- Exercise directions -
Images are to be left out; everything else in the listing should be repeated exactly.

- Data block -
########

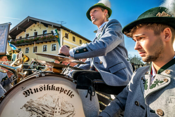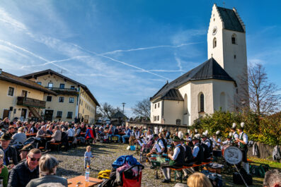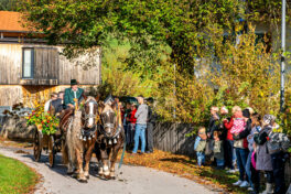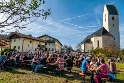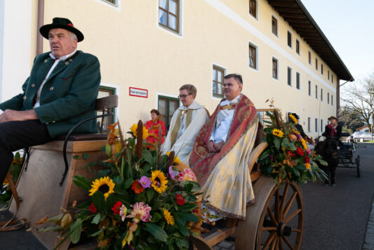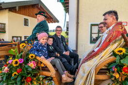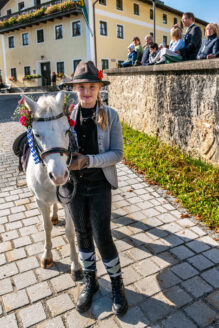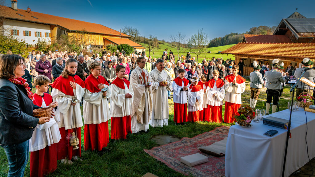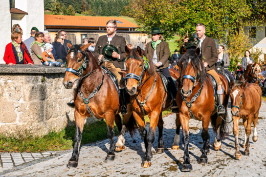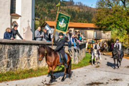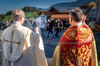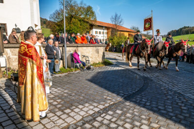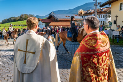 Begleitet wurde die feierliche Zeremonie vom Schnauben der Pferde und dem rhythmischen Klang der Hufeisen, die über den liebevoll geschmückten Dorfplatz hallten. Die Pferde, kunstvoll mit geflochtenen Mähnen und Schweifen geschmückt, trugen Kränze aus Tannenzweigen und leuchtenden Blumen. In zwei festlichen Runden zogen die Reiter um den Dorfplatz und die angrenzenden Straßen, während die Musikkapelle Nußdorf für die musikalische Untermalung sorgte. Der Gottesdienst fand unter freiem Himmel statt, wobei die klare Herbstluft und die herbstlichen Farben dem Ganzen eine ganz besondere Atmosphäre verliehen.
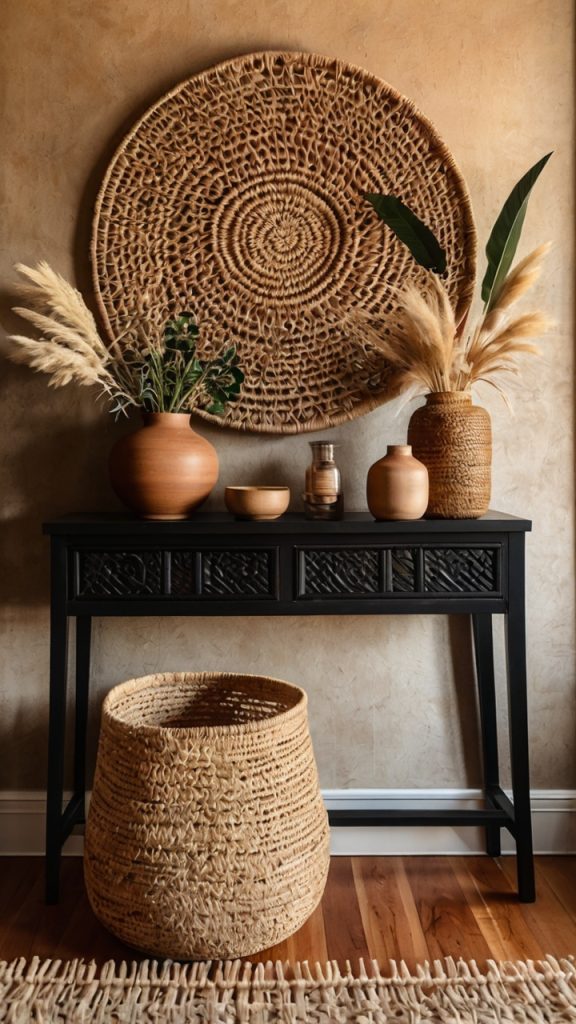 Start with natural textures – macramé wall hangings, woven baskets, maybe a small Turkish rug underneath. These soft elements contrast beautifully with the hard black surface.
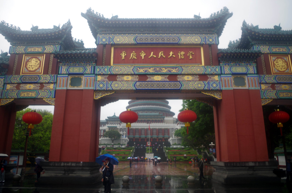 还有一处仿古建筑,就是重庆人民大礼堂了。她采用北京天坛的样式建造,也迎来不少人的参观。

########

- Answer section -
 Begleitet wurde die feierliche Zeremonie vom Schnauben der Pferde und dem rhythmischen Klang der Hufeisen, die über den liebevoll geschmückten Dorfplatz hallten. Die Pferde, kunstvoll mit geflochtenen Mähnen und Schweifen geschmückt, trugen Kränze aus Tannenzweigen und leuchtenden Blumen. In zwei festlichen Runden zogen die Reiter um den Dorfplatz und die angrenzenden Straßen, während die Musikkapelle Nußdorf für die musikalische Untermalung sorgte. Der Gottesdienst fand unter freiem Himmel statt, wobei die klare Herbstluft und die herbstlichen Farben dem Ganzen eine ganz besondere Atmosphäre verliehen.
 Start with natural textures – macramé wall hangings, woven baskets, maybe a small Turkish rug underneath. These soft elements contrast beautifully with the hard black surface.
 还有一处仿古建筑,就是重庆人民大礼堂了。她采用北京天坛的样式建造,也迎来不少人的参观。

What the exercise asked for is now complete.